Казалось, он ждет ответа, но я понятия не имела, что сказать. Я догадалась, что он подводит к какому-то заявлению; я даже посмела надеяться, что это будет предложение. Но заявление о необходимости «сильной, благородной женщины» вряд ли равно предложению руки. И все же я не хотела разочаровывать его, если предложение скрыто в этих словах, потому я еще раз подбодрила его кивком и стала молча ждать.
Он снова прокашлялся и заговорил.
– За эти месяцы я очень привязался к вам. Нет, не так, гораздо больше. Осмелюсь сказать, что я влюбился в вас, Клементина, – он помолчал, затем, сверкая глазами, спросил: – Смею я надеяться, что вы тоже такое ощущаете?
Наконец-то он сказал слова, которых я так ждала. Я рассматривала этого человека, который был старше меня более чем на десять лет, важного, пусть и противоречивого, члена парламента, и видела впечатлительную натуру, скрытую под нелепой внешностью, того, кто понимал и разделял мое ощущение непохожести на других. В этот момент я с предельной четкостью поняла, что смогла бы прожить с ним жизнь. Эта жизнь не будет легкой – нет, она будет полна борьбы и честолюбивых замыслов, но она будет важной и будет иметь цель.

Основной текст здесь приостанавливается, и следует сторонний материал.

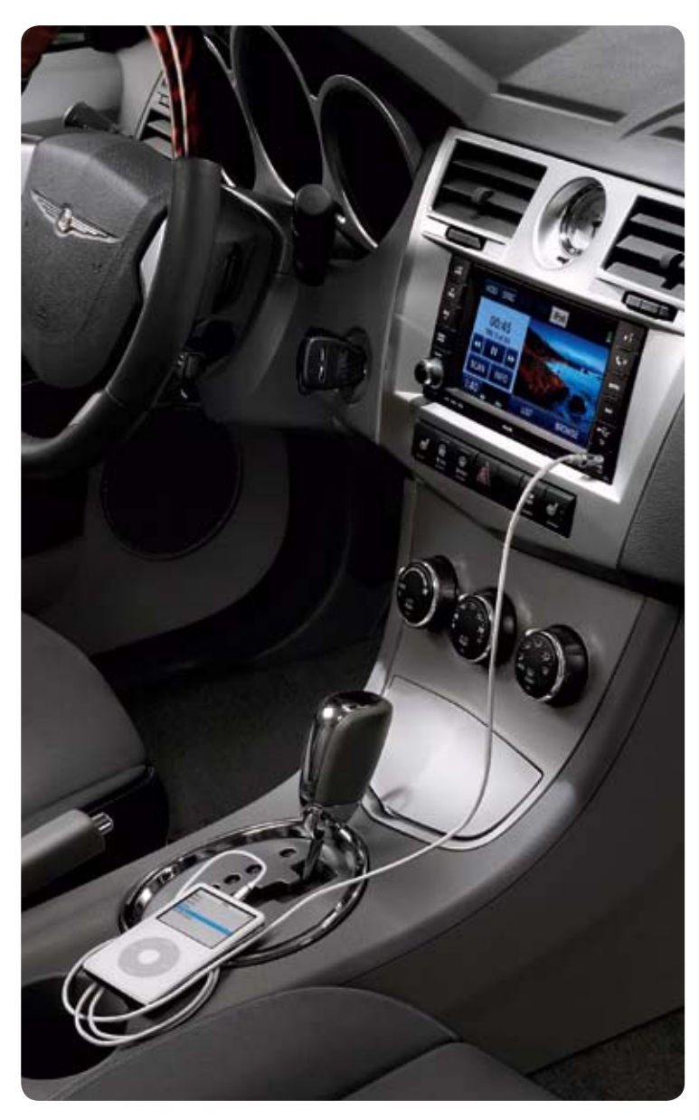
Sebring Limited interior in Dark Slate Gray Royale Leather trim.
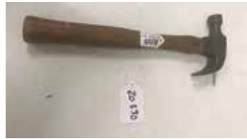
Lot#20330. Cheney Nail Holding uncommon hammer, hexagon poll
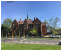
PRIMARY SCHOOL NO. 2605 October 2016
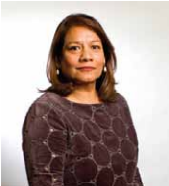
Valerie Vaz MP A Member of Parliament for Walsall South
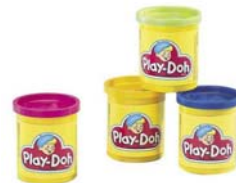
Dough, Doe, Play-Doh

Homophones are words that sound alike but have different spellings and meanings. Can you find a word in the title USES HER COMMON CENTS that has a homophone?
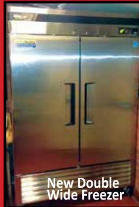
New Double Wide Freezer
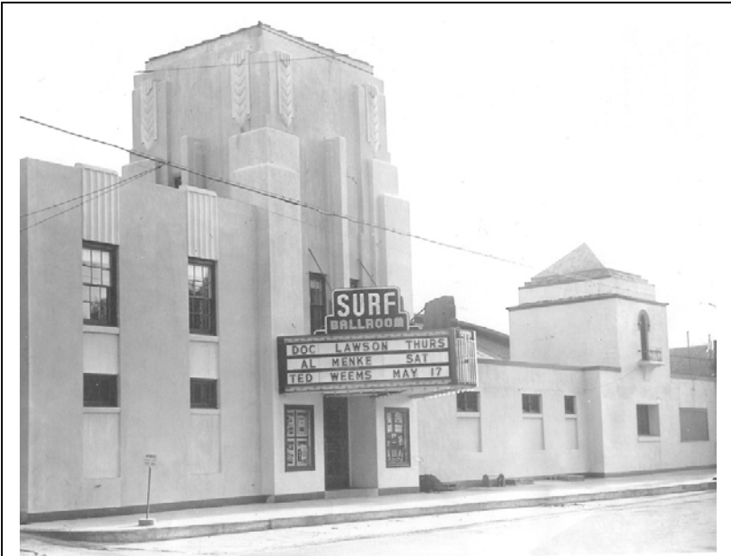
The Surf Ballroom's Art Deco style architecture reflected the trend toward the new and modern in contrast to the Victorian-style dance halls of the early twentieth century.

8,000 square feet, accommodating 500 couples easily," and was made entirely of maple, "laid in such a way that the dancers will always be going with the grain of the wood." The Surf also featured state-of-the-art ventilation and heating innovations for its time. It opened in April 1933 with Wally Erickson's Marigold Orchestra of Minneapolis entertaining the opening night crowd. 9
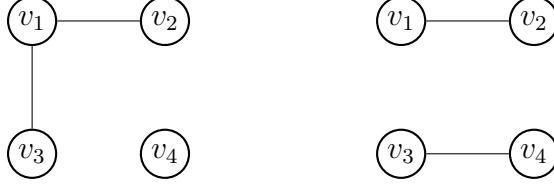
Figure 2: Two chromatically equivalent graphs, X_1 (left) and X_2 (right).

We say that two graphs G and H are chromatically equivalent if they have the same number of n -colorings, for every n \geq 1 . This is equivalent to saying that G and H have the same chromatic polynomial. The two graphs X_1, X_2 in Example 2 are chromatically equivalent, a fact that will be used in what follows. Furthermore, all trees with the same number of vertices are pairwise chromatically equivalent, because if T is a tree with n vertices, then \chi(T, x) = x(x-1)^{n-1} .
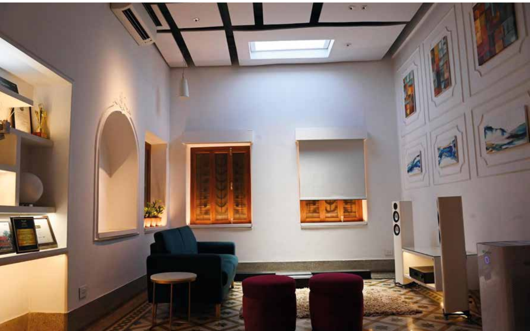
Automated lighting, and HVAC systems, contribute to energy conservation by minimising unnecessary usage and add to the aesthetics.
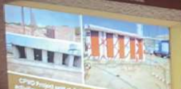
CPWD Project unit at Jaipur ensured that cleanliness activities were done with dedication. The drive spread the message of maintaining cleanliness in the district's towns and surroundings of their living areas.
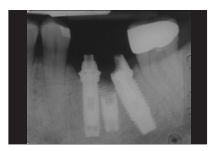
Figure 7: A periapical radiograph was taken at time of delivery to verify the abutments.
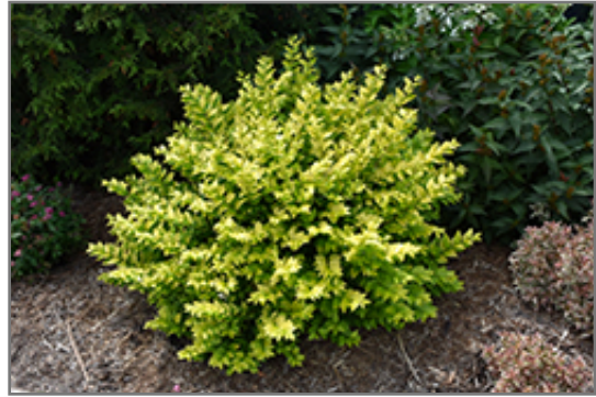
Golden Ticket Privet
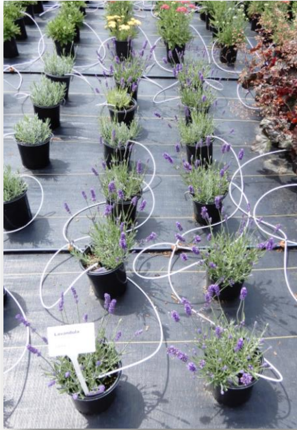
Group 1 Planted: wk 11 Photo: wk 23 (6.7.19)
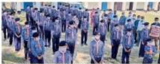
कमिटी को निर्देशित हुए मतदाताओं की सेवा के लिए तैनात हुए स्काउट गाइड।

सिद्धिचौरी | इंदौर भारत विधानसभा चुनाव 2020 में द्वितीय चरण के चुनाव में वैशाली जिले के 6 विधानसभा में विद्यमान उभरे हुए मतदाताओं की सेवा के लिए स्काउट गाइड को तैनात किया जा रहा है। जिले के 6 विधानसभा क्षेत्र में स्काउट गाइड को तैनात करने के लिए निर्देश जारी करे गए हैं। स्काउट गाइड को तैनात करने के लिए निर्देश जारी करे गए हैं। स्काउट गाइड को तैनात करने के लिए निर्देश जारी करे गए हैं।
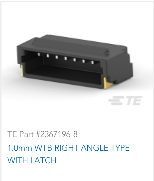
TE Part #2367196-8 1.0mm WTB RIGHT ANGLE TYPE WITH LATCH
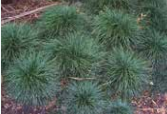
Mondo Grass Ophiopogon japonicus

– Да, Уинстон, – ответила я, чувствуя, как от наплыва эмоций горят мои собственные щеки. Во время двух прежних неудачных помолвок я ни разу не признавалась в любви к мужчине и никогда не ощущала таких чувств ни к одному из них. То, что я испытывала к Уинстону, было совершенно иным и куда более сильным.

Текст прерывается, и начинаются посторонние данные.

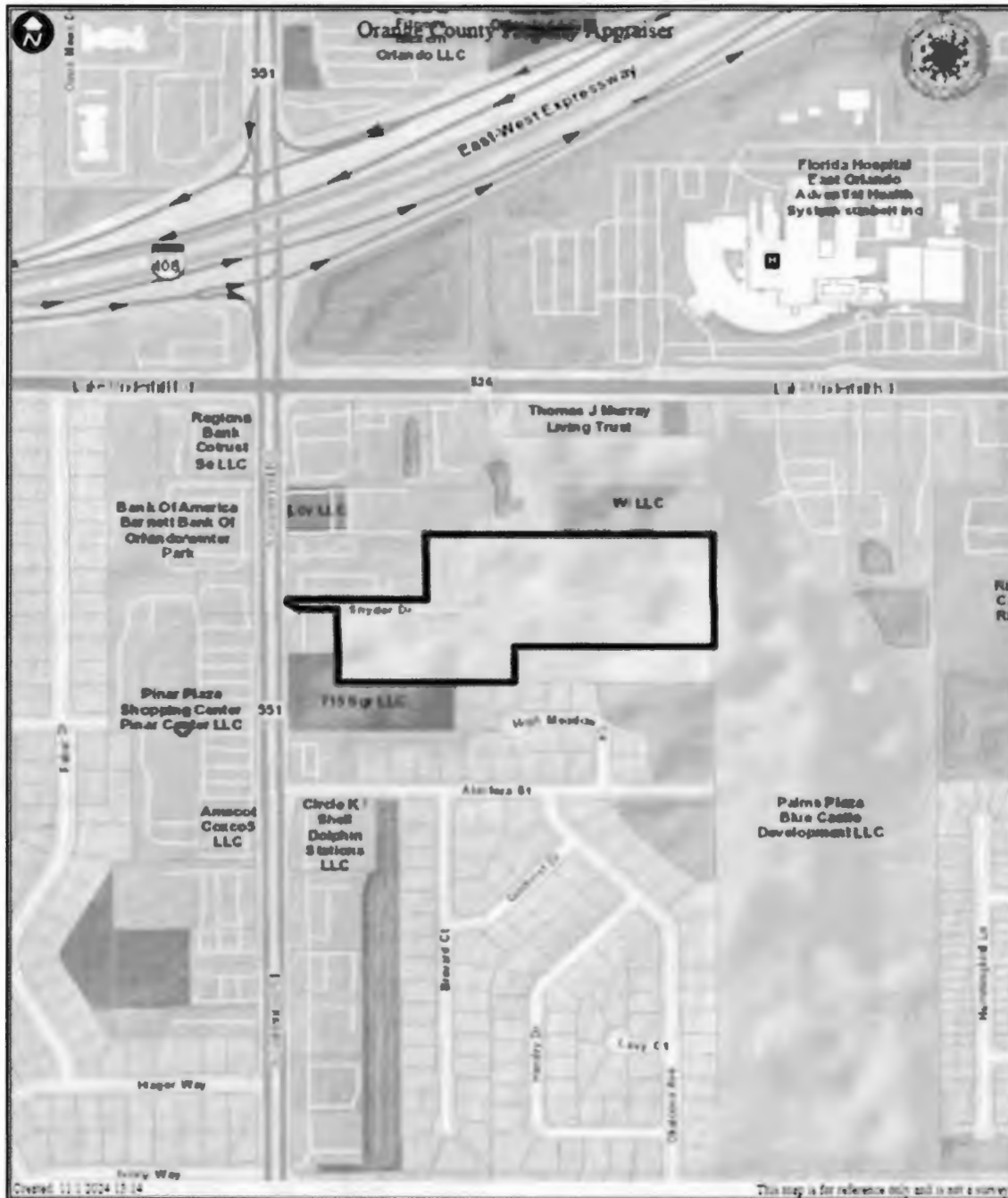
Exhibit "A" "CARDINAL POINTE" Project Location Map
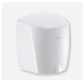
White powder-coated Ref. DELABIE: 510622W
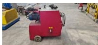
Reference: AV7-021 ROTARY HIDRAULIC UNIT Year: . Brand: Asisa Width: .
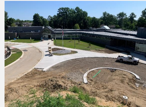
Site Concrete and Landscape Install
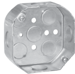
TP274, TP278, TP834*

1 1/2" DEEP FOR CONDUIT – NO CLAMPS FIXTURE RATED UL LISTED
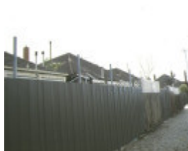
108 116 gladstone street south melbourne rear lane view
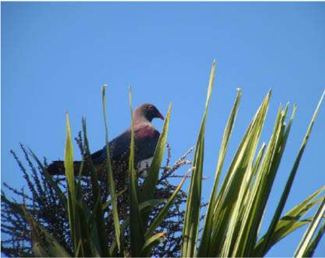
Keruru feeding on cabbage tree fruits
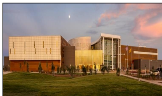
The CORE is a state of the art facility that enhances the quality of life, provides economic development and improves the health of area residents. An intergenerational place for our residents and guests in our community which offers indoor, year-round opportunities for social interaction, learning, fun and fitness for all ages and abilities.
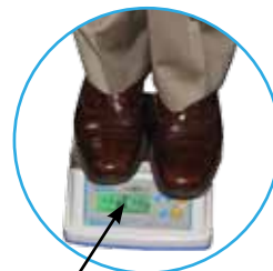
Advanced overload protection
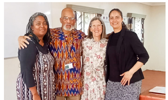
Three mighty Short-term Missionaries from Brazil and America—helping hands in Kenya

– О, Клементина, вы не представляете, как я счастлив, – он взял мои руки в ладони и глубоко вздохнул. – Я знаю, что мое ухаживание было коротким, но я хочу спросить, не окажете ли вы мне чести стать моей женой. Это не будет обычный брак, но он будет великим.

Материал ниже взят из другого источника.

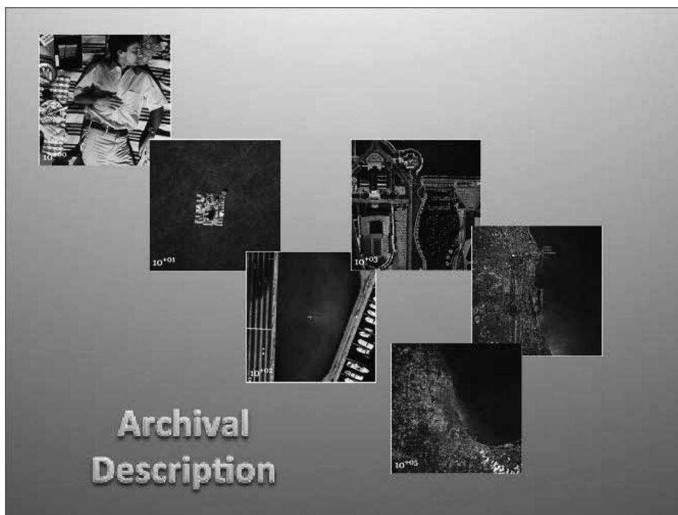
FIGURE 2. Stills from the film Powers of Ten by Charles and Ray Eames.

families, and organizations (see Figure 2). Many of the assumptions underpinning bibliographic data content standards, such as the Anglo-American Cataloging Rules (AACR2) 25 and the recently published Resource Description and Access (RDA) 26 , have very limited relevance for archival control/description. A host of factors influences the balance archivists strive to achieve between any given organic accumulation of materials and the tools adequate for managing and providing access to it, including resources, condition as received, and the extremely relative appraised significance of the accumulated materials. These factors resonate very differently in controlling and describing these materials archivally than they might, if they resonate at all, in the bibliographic endeavor.
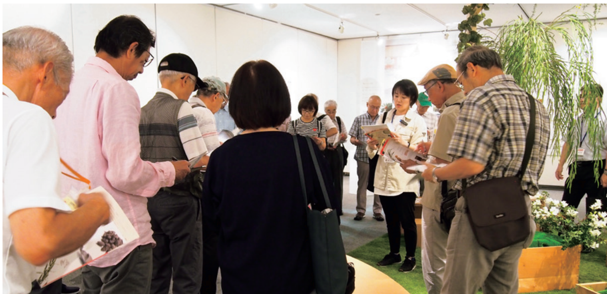
研究員によるボランティア向け展示研修 Exhibition training for volunteers by Institute staff
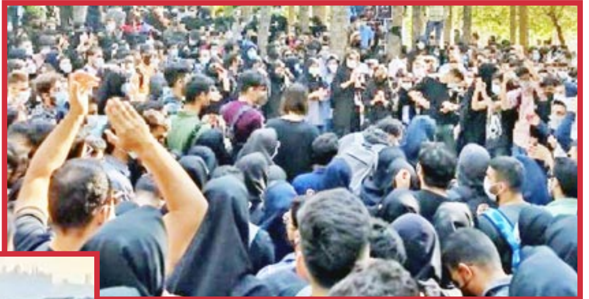
Above: Students at the University of Science and Technology, Tehran, October 2022

IRAN ON FIRE FOR THE WORKING CLASS: SEE PAGE 5
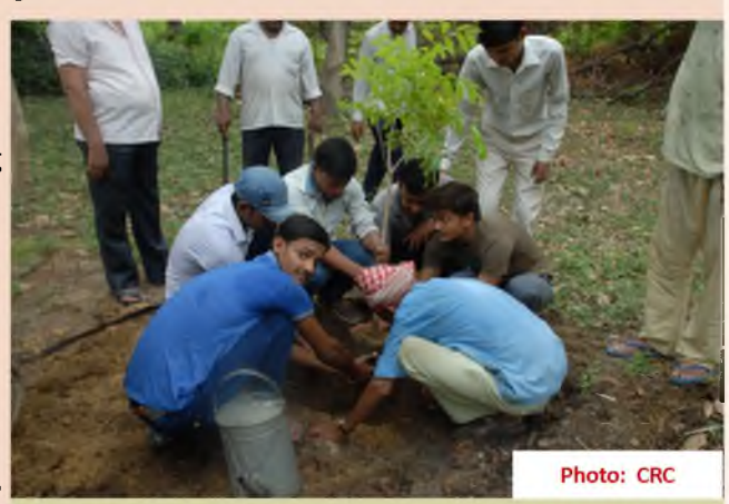
Plantation of Khaya senegalensis during Vanmahotsava by Green Skill Development Programme Trainees

Vanmahotsava was celebrated at CRC, Allahabad from 1st July to 7th July, 2017. All officers, staff and research scholars actively participated in the celebration with great zeal.
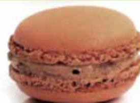
LEE'S MACARONS COFFEE (LEE'S MACARON VỊ CÀ PHÊ)
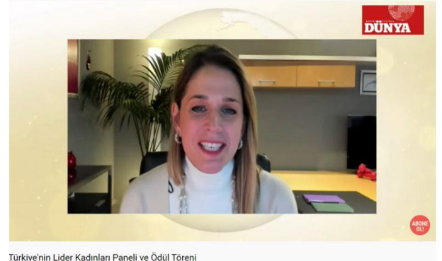
Türkiye'nin Lider Kadınları Paneli ve Ödül Töreni
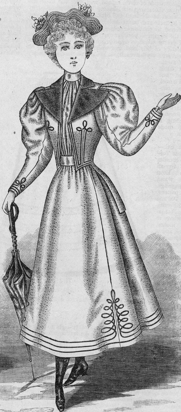
FIGURE No. 276 K.—MISSSES' OUTDOOR TOILETTE.—This consists of Misses Jacket No. 7007 (copyright), price 10d. or 20 cents; Four-Gored Skirt No. 7042 (copyright), price 10d. or 20 cents; and Waist No. 6345 (copyright), price 10d. or 20 cents.

single bust darts and the usual gores. The fulness at the front is drawn to the center in soft folds by gathers at the top and bottom;
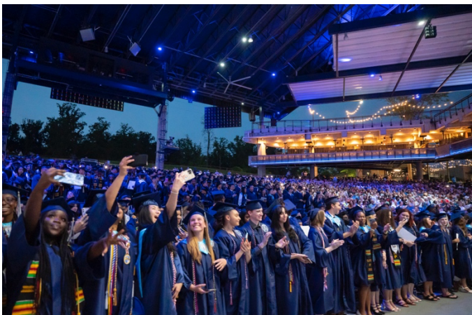
2022 Howard County High School Graduations at Merriweather

We believe the arts can help build community and are an important component in fulfilling the values upon which Columbia was founded.
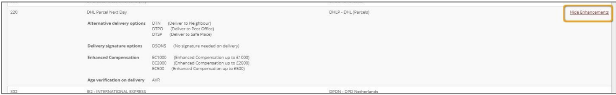
Figure 2: View Service Enhancements link selected
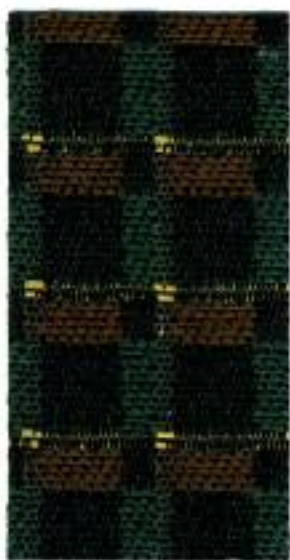
Hamlet Black Brown
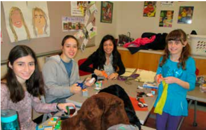
Crafting for VIPS Bloomington
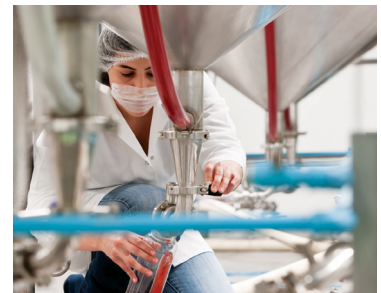
Dairy farms are a major component of North Carolina's food processing industry.

Incubator Kitchens are sprouting up all across the state, providing affordable access to commercial food production facilities and industry expertise.

Не выпуская его напряженного взгляда, я немедля ответила:
– Я стану вашей женой, Уинстон Черчилль.
Глава четвертая
12 сентября 1908 года
Лондон, Англия
Колокола церкви Св. Маргариты вызванивают мягкую мелодию, так подходящую изящной красоте этой белокаменной церкви XVI века, устроившейся между Вестминстерским аббатством и зданием парламента. Эта музыка успокаивает мои нервы, пока дрожащий, мужественный звук колокола Биг-Бена не начинает отбивать время. Его бой заглушает нежную песнь Св. Маргариты, и на миг я теряюсь в какофонии спорящих колоколов и их протяжных раскатах. Затем внезапно становится тихо, и странная пауза повисает в воздухе.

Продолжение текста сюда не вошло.